Over time, we've been able to produce larger batteries - they are getting longer and wider. The bigger the battery, the more energy it gives. But it takes a long time to develop that technology because a bigger battery also means you get more heat generation. When you charge and discharge a battery there's heat generated. The technological improvements have been about how we reduce heat generation and prevent it from causing degradation. That's one of the simple yet effective ways batteries have improved, just by making them larger, and then understanding how we can control them, so they don’t degrade so quickly.

LL: How is machine learning (ML) contributing to battery technology?

KO: ML is being used widely in the battery industry in two main areas. The first is manufacturing. Building a gigafactory, it's a very complex process. It takes a long time to make batteries that are well-performing, and that process requires a lot of data. During the scale-up process, engineers and scientists have to slightly change some manufacturing parameters, such as the drying temperature or mixing conditions. This is a very data-intensive process, which has a multitude of parameters and many of them aren't known. That is where ML can come in: it can take that data, plot the trajectory of the manufacturing process and tell us what steps we need to take next.

ML is also being used by many manufacturing companies to improve the scale-up process. This is important for European manufacturers because newer companies haven't had the experience that other global companies have had in building these factories over the last 30 years. When you are trying to rapidly bring a factory online, you have to think of what digital tools you can use to accelerate that process.

The next area involves using ML to improve batteries when they are in operation. Many companies are developing mathematical models to use in hardware. We can use the analogy of a mobile and its state of charge; that state of charge is calculated by a model on a chip called a “battery management system”. Companies are trying to use ML to improve that process. Rather than predicting the state of charge, we can also predict the state of health, which could tell you that the battery only has 9% of its total lifetime remaining. ML can be used to improve that process and estimate how quickly a battery is degrading.

LL: Where do you see the future of battery research within the next 10 to 20 years?

KO: I recognize that, currently, the battery industry isn’t sustainable. We have to find better ways to get these raw materials, which can be from mining. Batteries degrade over time, and they’re disposed of and not necessarily recycled. I’m most excited to see some of the technologies that can make the battery industry more sustainable.

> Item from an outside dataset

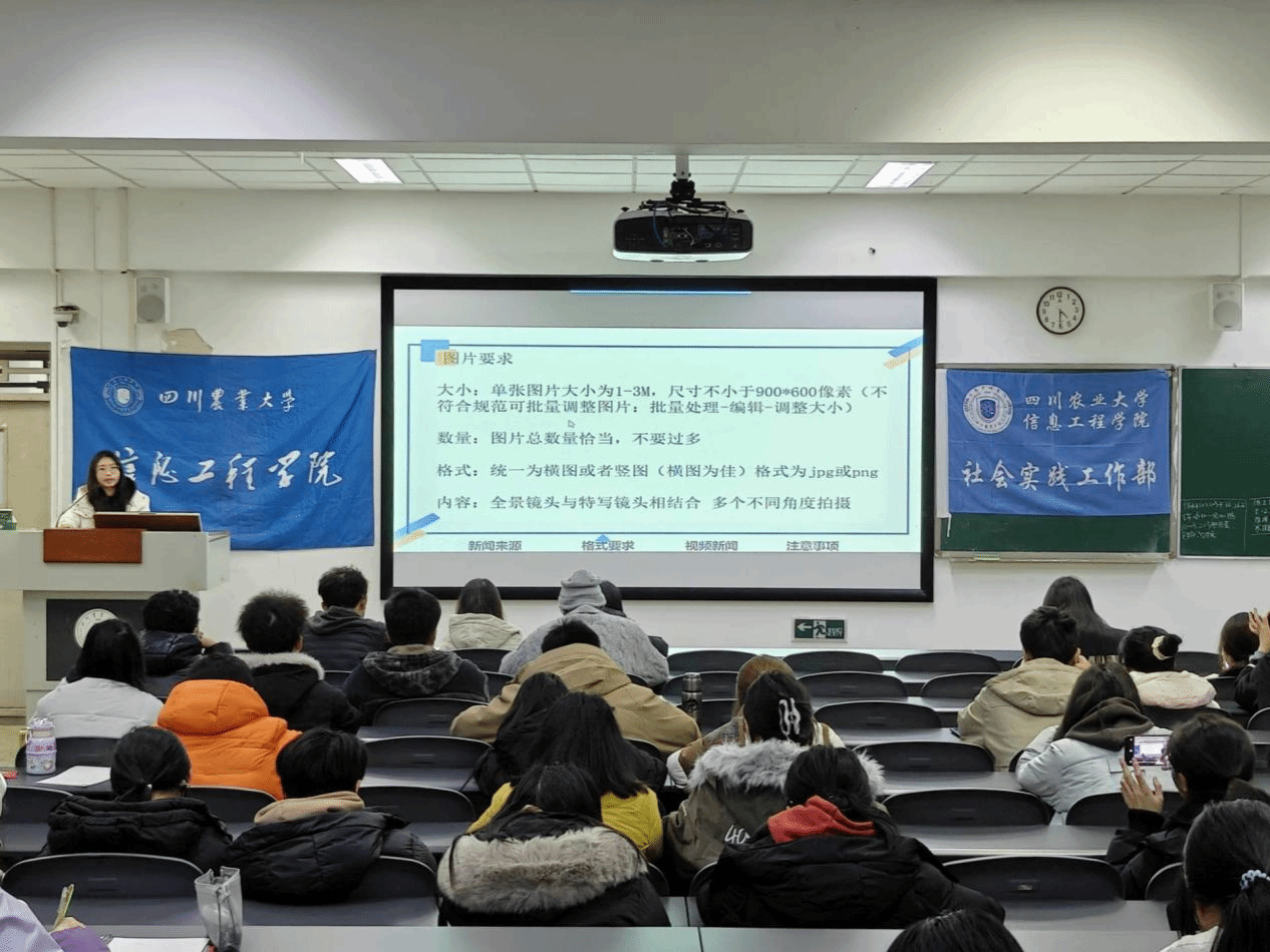 仪式伊始,院团委全媒体中心廖栖冉围绕社会实践新闻稿撰写与投稿流程展开培训。她结合新青年通讯社材料,从新闻来源、稿件格式、注意事项等方面详细讲解,强调新闻稿应注重实践对象与内容的深度挖掘,避免“宣传体”与“流水账”,通过聚焦人物故事与社会议题,传递真实深度的实践声音,提升宣传实效。

It would mean that we can live in a society where we’re not worried about polluting the environment from getting to work or going on a holiday, for example.

I think that’s really exciting. Electrification will take over a lot of aspects of our lives, not just driving to work, but it could be going to Spain with electric flights. Also, the way we get our electricity is changing. Many countries are close to getting all of their electricity from carbon-neutral sources and battery technology can facilitate this change. It's all those incremental improvements, which may be boring in some respects, but are exciting because it means we can use these technologies at a scale for the outcomes that we really want.

Kieran O'Regan was speaking to Lucy Lawrence, Senior Digital Content Producer for Technology Networks.

About the interviewee

Kieran is Co-Founder and COO at About:Energy, and studied for a PhD at the University of Birmingham. His research involved developing parameterization methods for creating electrochemical methods. During his PhD, he published 13 peer-reviewed papers on battery parameterization and modeling, collaborating with several UK universities. Kieran also worked as an analyst at Benchmark Mineral Intelligence, covering next-generation battery supply chains and developing an understanding of new areas of opportunity for About:Energy.